Your objective:
The records below are to be set down again exactly, with the pictures left out.

Provided data:
________________________________________

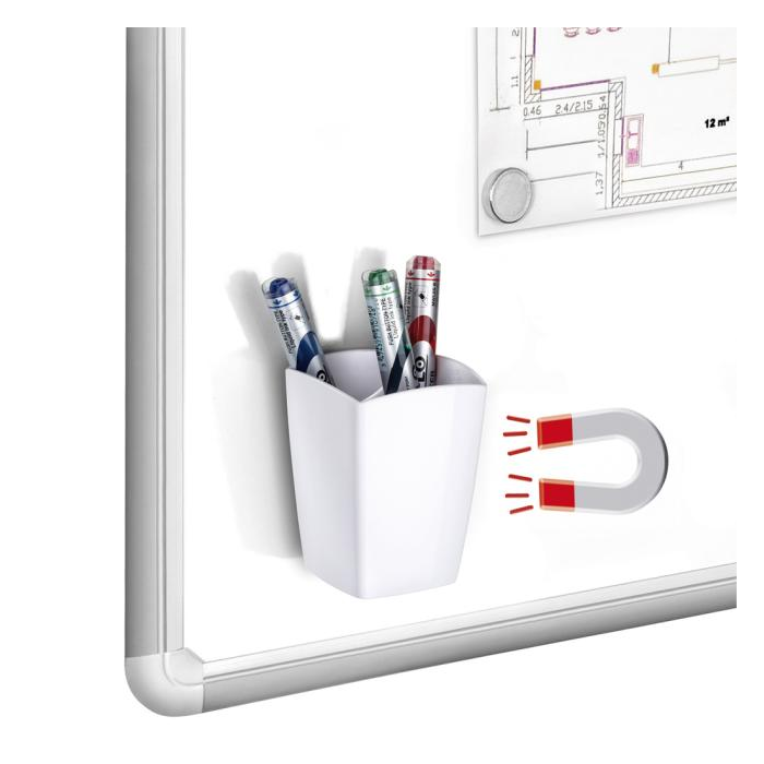 Držiak popisovačov magnetický 530MG, vyrobený z plastu, 2 priehradky, farba biela.
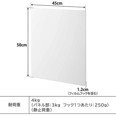 耐荷重 4kg(パネル部:3kg フック1つあたり:250g) (静止荷重) |
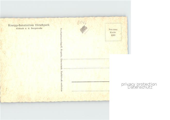 72217076 Alsbach Bergstrasse Sanatorium Hirschpark postalisch nicht gelaufen Erhaltung siehe scans KatCode: 11110006432001
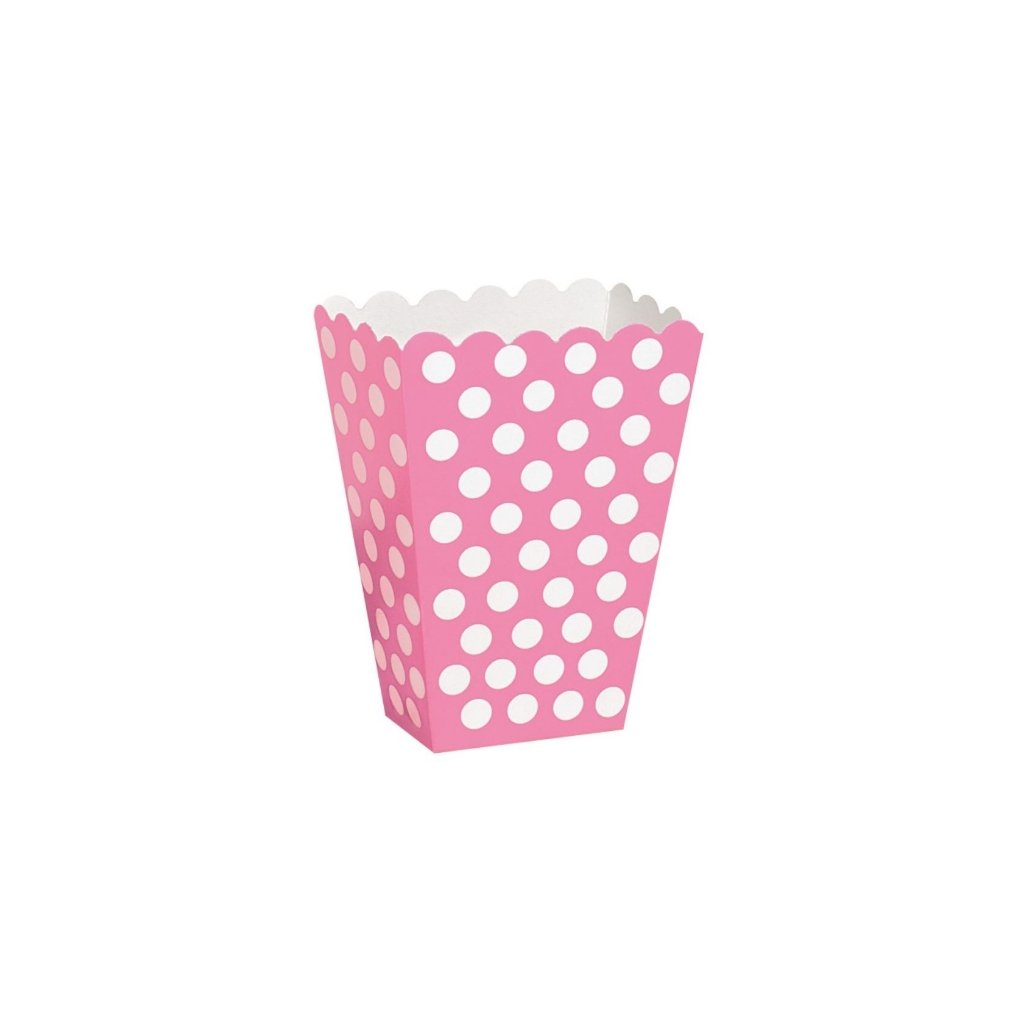 Tmavě růžové krabičky na popcorn s puntíky, 8 ks /BP
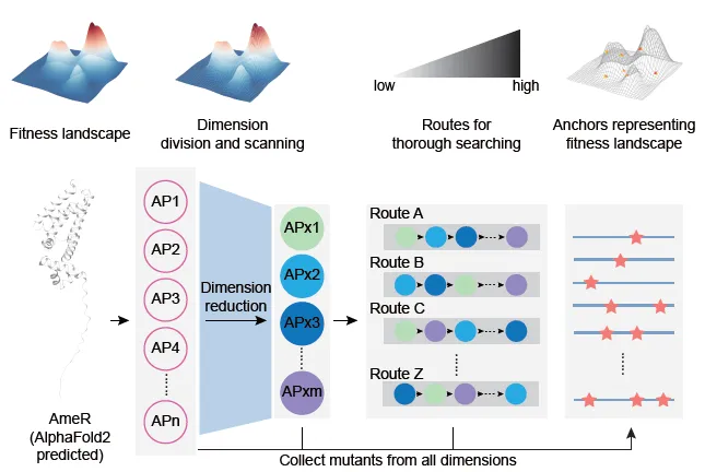 蛋白质作为最重要的生命构建单元之一,其序列和功能之间的映射(适应性景观,Fitness landscape)的针对性研究对于蛋白质理性设计以及工程应用都有极大的意义。目前人们只能对于蛋白质序列-功能关系进行少量低纬度的点采样,例如深度突变搜索(DMS),单位点饱和突变等,或是利用随机建库等方式以极低概率捕获序列与功能耦连的关键信息。一些更高效的定向进化工具如PACE,OrthoRep等会使得蛋白质空间的搜索深度加深,但由于其专注于产生高适应性突变体的特征使得其对于蛋白功能的全局认知不足。
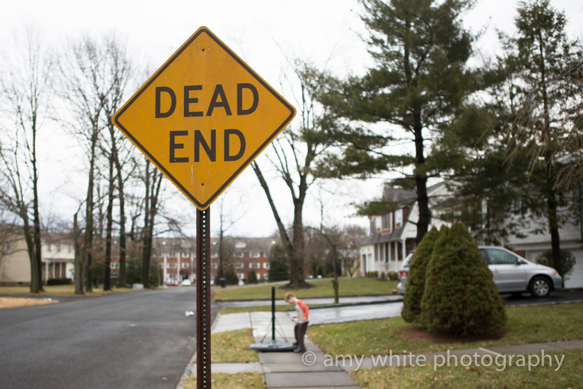 As we were turning on to our street on the way home from school today Quinn said \”Amy, what does \’dead end\’ mean?\”. I don\’t think he had time to sound them out so I guess these are just more words he knows. The list is growing.
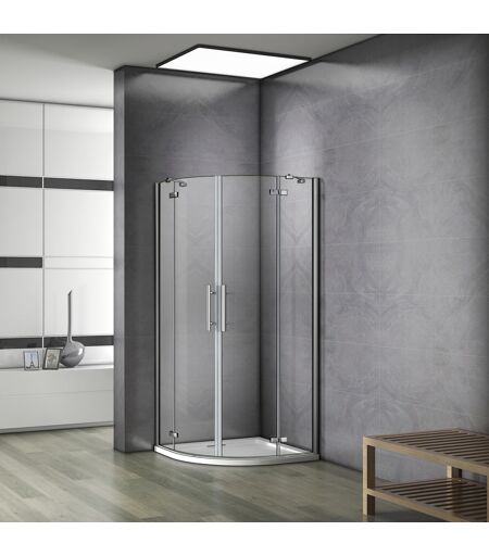 AICA SANITAIRE 80x80x195cm cabine de douche à charniére accès d'angle 1/4rond avec paroi de douche et barre de fixation
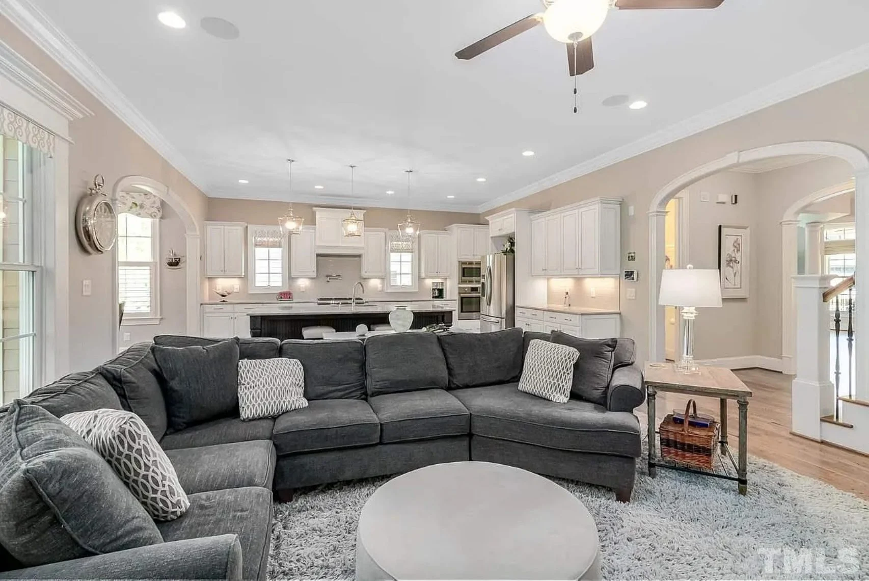 - Open floor plan seamlessly connecting kitchen, dining, and family room.
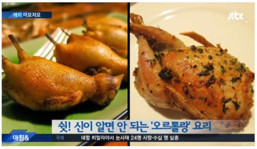 요리 레시피가 너무 잔인해요. 오르톨랑이 앞을 못 보게 눈을 뽑고, 어두운 상자에 가둬 한 달 정도를 무화과, 포도 등을 엄청나게 먹여 살을 뒤룩뒤룩 찌워요. 그리고 눈이 멀고 살이 찐 새를 술에 담가 익사시켜 만드는 요리예요. 현재 이 새를 잡거나 먹으면 벌금이 부과된다네요.
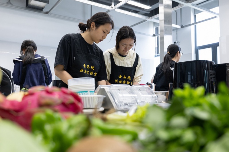 5月9日,南京農業大學食品科技學院的實驗室內,飄出陣陣“飯香”。西蘭花與三文魚的清香、糙米飯的溫熱氣息、檸檬汁的酸甜……鍋碗瓢盆的碰撞聲和學生們熱火朝天忙碌的“煙火氣”,取代了傳統課堂的安靜。
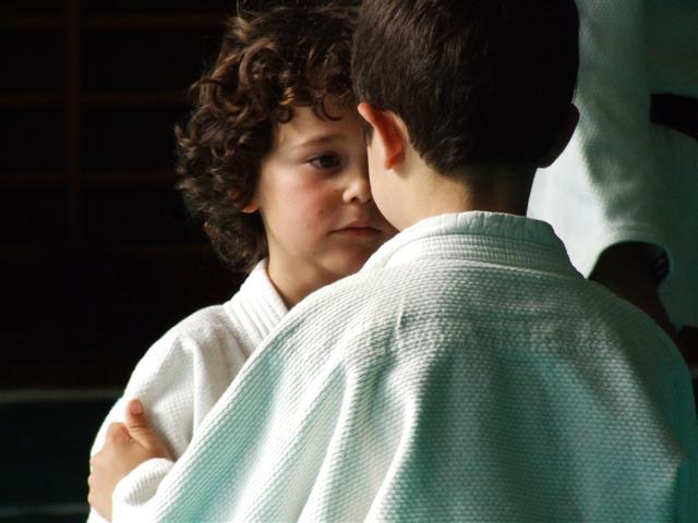 Mi piace molto il fatto che i due bimbi in attesa dell'hajime si guardino negli occhi, e questo momento catturato è il punto forte della foto. Anche i colori mi piacciono, mentre avrei scattato leggermente più dal basso in modo che i duo visi fossero alla stessa altezza e magari non avrei tagliato la testa del bimbo.
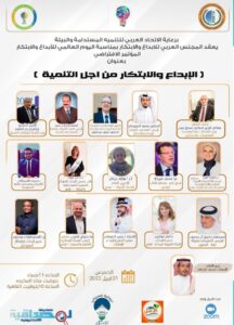 فى اطار الاحتفال باليوم العالمى للابداع والابتكار نظم المجلس العربى للابداع والابتكار برئاسة الدكتور محمد السريحى مؤتمر تحت عنوان ” الابداع والابتكار من أجل التنمية” تحت رعاية الدكتور أشرف عبد العزيز الأمين العام للاتحاد العربى للتنمية المستدامة والبيئة والمشرف العام على أعمال المجالس المتخصصة بالإتحاد
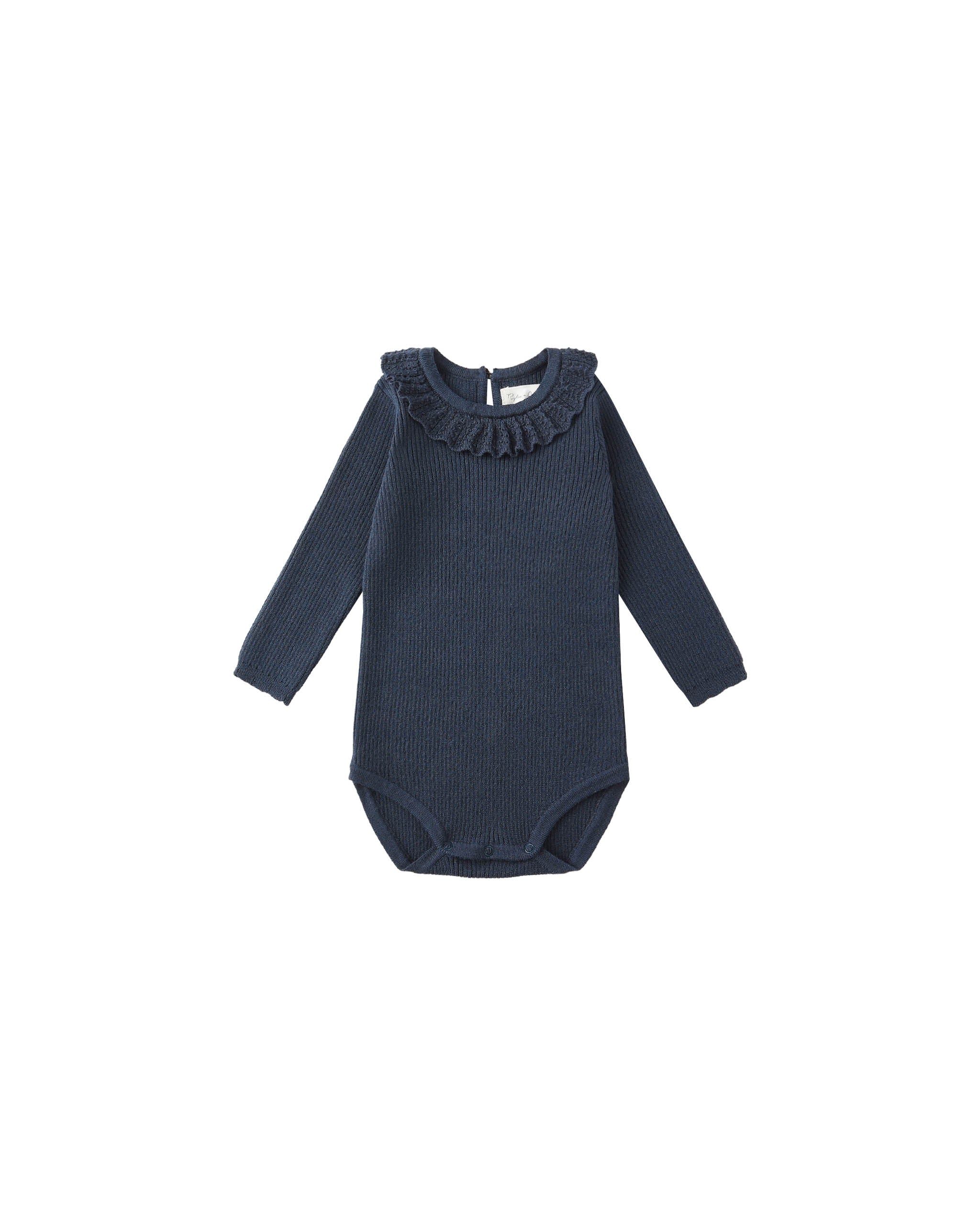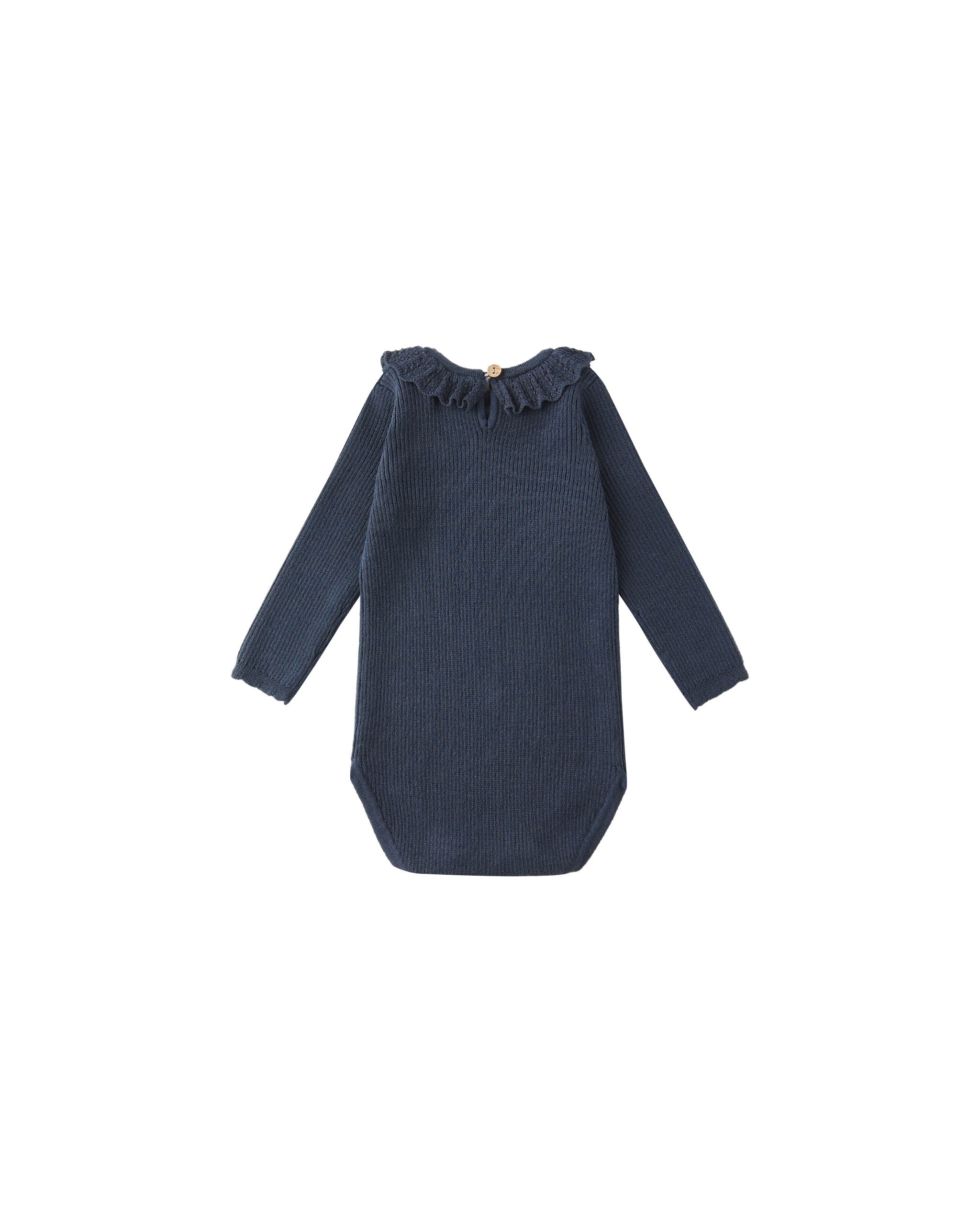 Rylee + Cru Ribbed Ruffle Collar Bodysuit in Navy

________________________________________

Solved problem:
 Držiak popisovačov magnetický 530MG, vyrobený z plastu, 2 priehradky, farba biela.
 耐荷重 4kg(パネル部:3kg フック1つあたり:250g) (静止荷重) |
 72217076 Alsbach Bergstrasse Sanatorium Hirschpark postalisch nicht gelaufen Erhaltung siehe scans KatCode: 11110006432001
 Tmavě růžové krabičky na popcorn s puntíky, 8 ks /BP
 蛋白质作为最重要的生命构建单元之一,其序列和功能之间的映射(适应性景观,Fitness landscape)的针对性研究对于蛋白质理性设计以及工程应用都有极大的意义。目前人们只能对于蛋白质序列-功能关系进行少量低纬度的点采样,例如深度突变搜索(DMS),单位点饱和突变等,或是利用随机建库等方式以极低概率捕获序列与功能耦连的关键信息。一些更高效的定向进化工具如PACE,OrthoRep等会使得蛋白质空间的搜索深度加深,但由于其专注于产生高适应性突变体的特征使得其对于蛋白功能的全局认知不足。
 As we were turning on to our street on the way home from school today Quinn said \”Amy, what does \’dead end\’ mean?\”. I don\’t think he had time to sound them out so I guess these are just more words he knows. The list is growing.
 AICA SANITAIRE 80x80x195cm cabine de douche à charniére accès d'angle 1/4rond avec paroi de douche et barre de fixation
 - Open floor plan seamlessly connecting kitchen, dining, and family room.
 요리 레시피가 너무 잔인해요. 오르톨랑이 앞을 못 보게 눈을 뽑고, 어두운 상자에 가둬 한 달 정도를 무화과, 포도 등을 엄청나게 먹여 살을 뒤룩뒤룩 찌워요. 그리고 눈이 멀고 살이 찐 새를 술에 담가 익사시켜 만드는 요리예요. 현재 이 새를 잡거나 먹으면 벌금이 부과된다네요.
 5月9日,南京農業大學食品科技學院的實驗室內,飄出陣陣“飯香”。西蘭花與三文魚的清香、糙米飯的溫熱氣息、檸檬汁的酸甜……鍋碗瓢盆的碰撞聲和學生們熱火朝天忙碌的“煙火氣”,取代了傳統課堂的安靜。
 Mi piace molto il fatto che i due bimbi in attesa dell'hajime si guardino negli occhi, e questo momento catturato è il punto forte della foto. Anche i colori mi piacciono, mentre avrei scattato leggermente più dal basso in modo che i duo visi fossero alla stessa altezza e magari non avrei tagliato la testa del bimbo.
 فى اطار الاحتفال باليوم العالمى للابداع والابتكار نظم المجلس العربى للابداع والابتكار برئاسة الدكتور محمد السريحى مؤتمر تحت عنوان ” الابداع والابتكار من أجل التنمية” تحت رعاية الدكتور أشرف عبد العزيز الأمين العام للاتحاد العربى للتنمية المستدامة والبيئة والمشرف العام على أعمال المجالس المتخصصة بالإتحاد
 Rylee + Cru Ribbed Ruffle Collar Bodysuit in Navy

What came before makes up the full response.